As the current chair of the Membership & Finance Committee and the Strike Fund Committee, she said that “we are in the middle of very, very important work to ensure giving financial support currently to as many of our members as we can, while balancing wanting to ensure that the same financial support will be there for members up to six months after the strike is settled. Our committee is very thoughtful, compassionate, but never forgets our responsibility to the entire membership to be fiscally diligent in the process.
“But what I have seen in the hundreds of loan applications is a story of why we are on strike: members who have worked on two or even three shows a year – or have been doing six months of free rewrites on a script they sold – who cannot afford their reasonable rent, are facing thousands of dollars in credit card debt and even hundreds of thousands of dollars of student loans.
“Or the member who had been working as a part of a team on a 16-week streaming gig at minimum, whose parent falls ill and they suddenly need to support them, and they have exhausted their savings with no hope to handle the insanely high Los Angeles cost of living.
“Or there’s the writer who has been a dues-paying member for 30 years, who after twenty years of making a six-figure living in network television sees their income and residuals disappear with the shift to the rickety world of streaming employment.
“All of the sacrifice that we’ve made in the past months MUST yield a contract that ensures an actual future for all of us. I cannot wait for the day that this important struggle is in the rearview mirror, but in the meantime, I stay committed to this victory… What I have learned in the past five years in leadership is: we the WGA are extraordinary. I am honored to be one of you.
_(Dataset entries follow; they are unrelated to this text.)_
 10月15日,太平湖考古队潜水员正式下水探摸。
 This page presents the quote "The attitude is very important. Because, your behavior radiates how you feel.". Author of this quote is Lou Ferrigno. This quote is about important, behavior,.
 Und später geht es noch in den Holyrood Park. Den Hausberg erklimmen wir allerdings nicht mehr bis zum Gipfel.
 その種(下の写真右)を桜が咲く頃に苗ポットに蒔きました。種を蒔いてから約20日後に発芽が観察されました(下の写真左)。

Now let’s get this over the finish line.”
See her full statement here.
Jeffrey Thompson, her opponent for secretary-treasurer, is campaigning to end abusive behavior in the film and TV industry – including abuse by fellow writers.
“In the past decade we’ve dealt with contract negotiations, packaging, massive changes in the industry through both streaming and how people consume media online, and other things that threaten our ability to make a living as writers, but there’s one threat that is eating away at the integrity of our guild,” he said in his statement.
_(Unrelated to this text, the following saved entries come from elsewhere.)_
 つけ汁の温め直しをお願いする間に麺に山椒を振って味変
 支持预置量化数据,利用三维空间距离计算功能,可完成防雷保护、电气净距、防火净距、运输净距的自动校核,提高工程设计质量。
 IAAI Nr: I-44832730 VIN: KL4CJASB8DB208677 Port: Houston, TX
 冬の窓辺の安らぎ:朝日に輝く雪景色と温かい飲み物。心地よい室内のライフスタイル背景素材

“We have a problem with abuse in our industry and it needs to stop. Especially since many of the abuses that writers deal with can’t be blamed on the AMPTP or the studios, but on other writers who use their power to intimidate and manipulate others. And those who are abused are put into a situation in which they can either stay silent and tolerate those abuses (in the hopes that they’ll get a recommendation by their abuser for a future job) or speak up and risk being blacklisted. If we as a guild cannot protect the most vulnerable among us, then we are failing as a guild.”
“We all have either experienced or known others who have experienced mistreatment, but like many injustices in our industry, we tend to keep quiet. But when we are quiet, then we are allowing harm to continue,” he said. “We need to foster a culture of safety and understanding in our guild. Because if we are the ones who are tearing each other down, then any gains that we make in this and any future negotiations are relatively meaningless.”
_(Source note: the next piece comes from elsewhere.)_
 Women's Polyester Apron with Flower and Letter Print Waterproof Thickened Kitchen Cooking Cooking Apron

See his full statement here.
Earlier today, the guild released the names of all the candidates who have qualified for the officer and board election.
In addition to the officer candidates, there are 20 candidates nominated to run for eight open seats on the board of directors, including Molly Nussbaum, Danielle Iman, Maggie Levin, Blake Masters, Rob Forman, Alex O’Keefe, Jonterri Gadson, Leah Folta, Grant Scharbo, Sean Presant, Scott Alexander, Jackie Penn, Kira Snyder, Van Robichaux, Niceole Levy and incumbents Adam Conover, Nicole Yorkin, Dailyn Rodriguez, Dante W. Harper, and Zoe Marshall.
You can see their candidate statements here.
Guild members will receive voting materials on August 29, and voting will end on Sept. 19. The guild will host a Candidates Night forum, where guild members can ask questions of the candidates, on August 30.